Aura se sentia surpresa pelo ambiente da sala, mas também sentia um medo enorme, que parecia cobrir sua pele e fazer seus ossos pesarem. Medo dos ossos no chão, que simbolizavam as incontáveis mortes que ocorreram naquela sala. Medo daquelas pessoas ajoelhadas, que ela um dia conhecera mas que agora não passavam de ecos de suas antigas identidades. Medo, principalmente, da estatua de seu Deus, que mesmo com o rosto coberto por um véu, parecia estar a observa-la em silencio, apenas esperando pela ação da garota.
Em seu torpor, a garota não percebera o quanto tremia, mas quando finalmente tentava se mover, seu pé acabava causando com que um cranio, jogado ali no chão perto da entrada, rolasse, e a garotinha novamente se encontrava paralisada, dessa vez pelo som que causara, e que acabara soando por aquela sala.
Lentamente, uma das figuras parava sua reza e rastejara até a estatua, pegando uma das moedas de ouro no chão, e mais lentamente ainda, começava a vir rastejando na direção de Aura, com a moeda em mãos.
Aura podia reconhecer a figura como Thalia, uma velha irmã de 50 e poucos anos que cuidara da mesma por alguns anos de sua infância, uma mulher gentil e calma porem um tanto quanto séria, que não falava muito e mesmo assim excedia em seu trabalho. E também podia lembrar de como notara o sumisso de Thalia dos corredores do monastério a pouco mais de 5 meses atrás.
A mulher vinha a se arrastar pelos ossos e trapos, vestindo também não muito alem de trapos seus, mostrando a condição desumana e anormal em que ficara com 5 longos meses, provavelmente e incrivelmente sobrevivendo apenas de suas rezas aparentemente intermináveis, e em seus olhos Aura podia ver um vazio e um branco que a assombravam: Não sabia oque era mais acentuado ali, a loucura ou a cegueira.
Aos poucos, a mulher chegava perto de Aura, estendendo para a garota a moeda, e abria sua boca para falar com a mesma:
"Criança, vejo que você também chegou a esse ponto em sua vida.
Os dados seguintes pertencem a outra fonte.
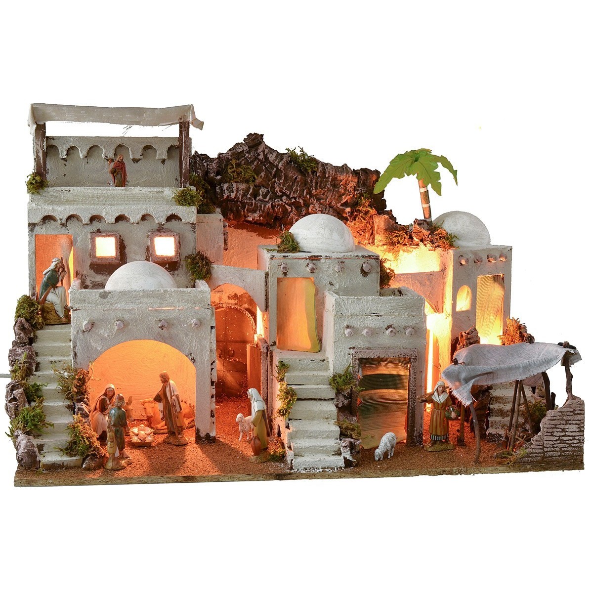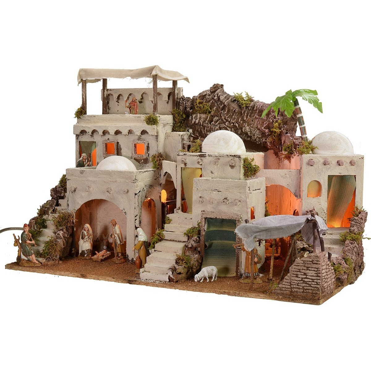 Presepe Palestinese illuminato con bivacco funzionante a corrente. La struttura è composta da abitazioni a più livelli con caratteristiche arabeggianti, ogni casa è collegata all'altra da archi. A sinistra in basso troviamo un grande spazio semiaperto dov'è riposta la Natività serie cm 10 Landi Moranduzzo costumi storici, mentre a fianco una scala che porta ai piani superiori dov'è installata una grande tenda. Sul lato destro, dietro al muretto, è presente un bivacco funzionante a corrente coperto da un'altra struttura in legno e tessuto. In ultimo piano la parete rocciosa con una palma a decorare l'ambientazione. Il presepe è completo di statue Landi costumi storici della serie 10 cm, che misura realmente circa 9cm. Si precisa che il numero di statue della serie indicata rimarrà sempre il medesimo come mostrato in foto, potrebbero cambiare i soggetti a seconda delle disponibilità del momento.
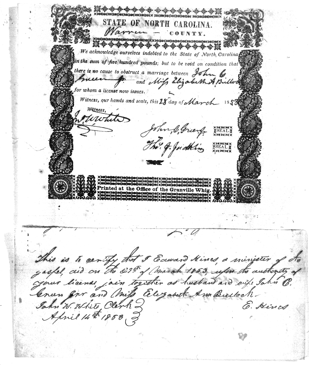 Green George W Cook Mary 14 Apr 1849   Samuel Vines White

É reconfortante saber que agora as crianças ganharão mais um irmão ou irmã. Pegue essa moeda como um empréstimo de Deus, e pague no final de sua existência. Ahh, e cuide das estatuas, por favor...!"
Aura não sabia como reagir a aquela estranha fala, apenas estendendo sua mão lentamente e tremendo até a moeda, que logo pegava. Ao analisar a mesma, Aura podia perceber que era feita de ouro puro, tendo em seus dois lados a figura do mesmo anjo que podia ver no vitral no fundo da sala.
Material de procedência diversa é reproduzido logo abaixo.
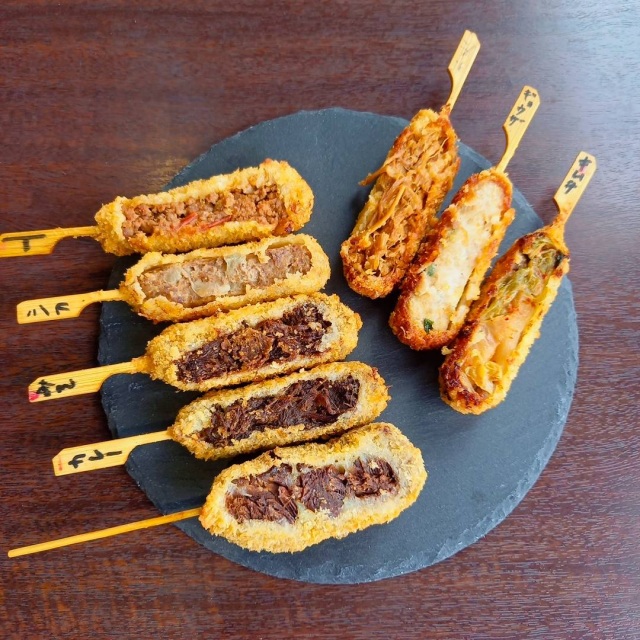 土日祝日のみ営業している売店では、「ジビエコロッケ」が人気。「鹿の煮込み串カツ」はトマト、カレー、味噌などさまざまな味があり、その場で揚げたてをいただける。

"Criança, antes de descer pelas escadas novamente, poderia me dizer seu nome? Essa velha irmã gostaria de saber quem deixou em seu lugar..."
Fechando sua mão firmemente em volta da moeda, Aura aguentava a vontade de chorar por aquela mulher que a ensinara tantas coisas e ao mesmo tempo tão pouco. Como deve ter sido para a mesma, viver toda a sua vida cuidando de estatuas apenas para terminar sua vida num lugar como esse. Em respeito a ela, Aura não podia mentir.
"É Aura. Muito obrigada..."
E com isso, a garota virava de costas e se punha a correr pelas escadarias, monastério abaixo, sem sequer ficar para fechar a porta, que por algum motivo se fechava sozinha. Enquanto era novamente deixada na escuridão da sala, tendo apenas a companhia de outros como ela e de seu Deus silencioso e benevolente, a velha irmã Thalia ficava a remanescer em sua cegueira, sorrindo por algum motivo:
"Bem... Será que é assim que é estar louca? Afinal de contas... Não lembro de nenhuma Aura..."
~ The End
Ufa, finalmente terminei essa parte. Vai por mim, pessoal, a gente pode até fazer parecer fácil, mas post nenhum é fácil de se fazer. Esse mesmo era pra ter levado um dia, e foi mais de uma semana até sair, então...
De qualquer forma, essa história vai ser grande mas está primeira parte dela não vai demorar muito até ficar pronta não, provavelmente vai acabar lá para a parte 7 ou 8, enquanto Crown of Bullets vai ter a conclusão de sua primeira parte no capitulo 15 ou 16, oque já vai demorar um tanto quanto mais.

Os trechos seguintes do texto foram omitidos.